Can you really enable them?  How do you know what’s going to happen?  What is this going to do to the remainder of your patent claims, not to mention the value of the patent…

Only go so far as you can see in sufficient detail.  How confident are you that this is going to work and work as you describe it?  What evidence do you have of this and how are you going to use it to support your claims?

But how do you protect the next step after this patent publishes?

Try inventing it first.

[Image credit: Troels Eklund Andersen]

4 Comments on “Fear of claim chowder…

  1. The photo in this post brings up an interesting IP issue.

    The image credit is given to misterbisson – who has it in his list of flickr photos and has generously released the picture under a cc license.

    However the history of the picture is here http://lukket.dk/homecomputer/ – and it is marked simply as ‘Copyright Troels Eklund Andersen’ – with no mention of a CC license.

    This brings up an interesting issue which all of us face (not just you) – the way we use an image from someone’s flickr account and accept on face value that they are actually authorised to license the image that they are offering for license.

    What liability are we exposing ourselves to by doing this? After all, we are doing zero due diligence when we use these photos – on the implicit assumption that zero due diligence is appropriate for something as inconsequential as this.

    However, we’ve all seen cases where a copyright holder has suddenly decided to sue someone for $150,000 for displaying an old work on a website without
    even issuing a takedown notice or C&D first.
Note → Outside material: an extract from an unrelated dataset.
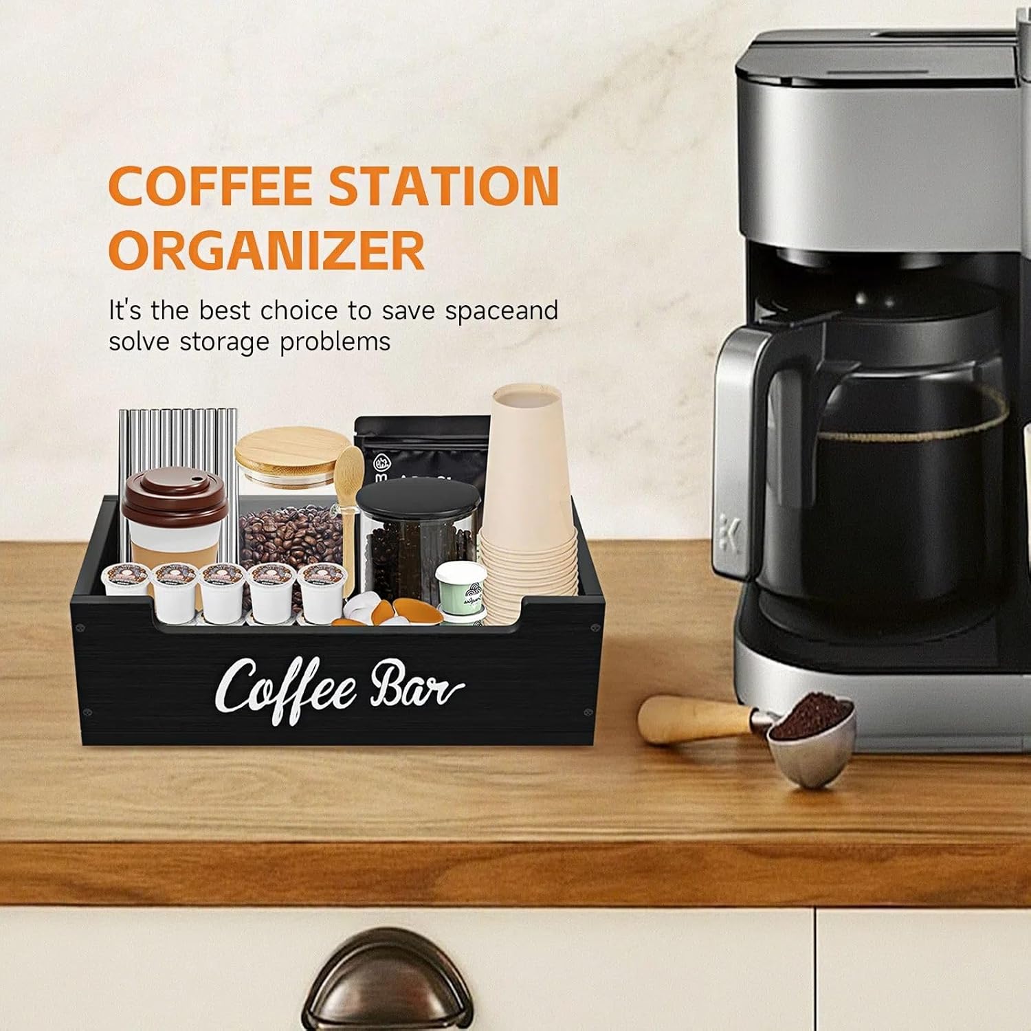 Coffee Pod Bar Station Wooden 13" X 7" X 4" Organizer Box for Countertop, Counter Top Tea Espresso Cup Wood Storage Box, Black

Fox did this recently over the screenplay for ‘Jewel of the Nile’ recently – along with other works.

    From a strictly legal perspective they are entirely right – the fact that the particular work is all over the internet is irrelevant – they are quite entitled to get up one morning and decided to collect $150k from everyone who naively posted it on their blogs – even if those people thought that the lack of enforcement in the past was implicit permission !

    Anyway – it’s a fascinating issue.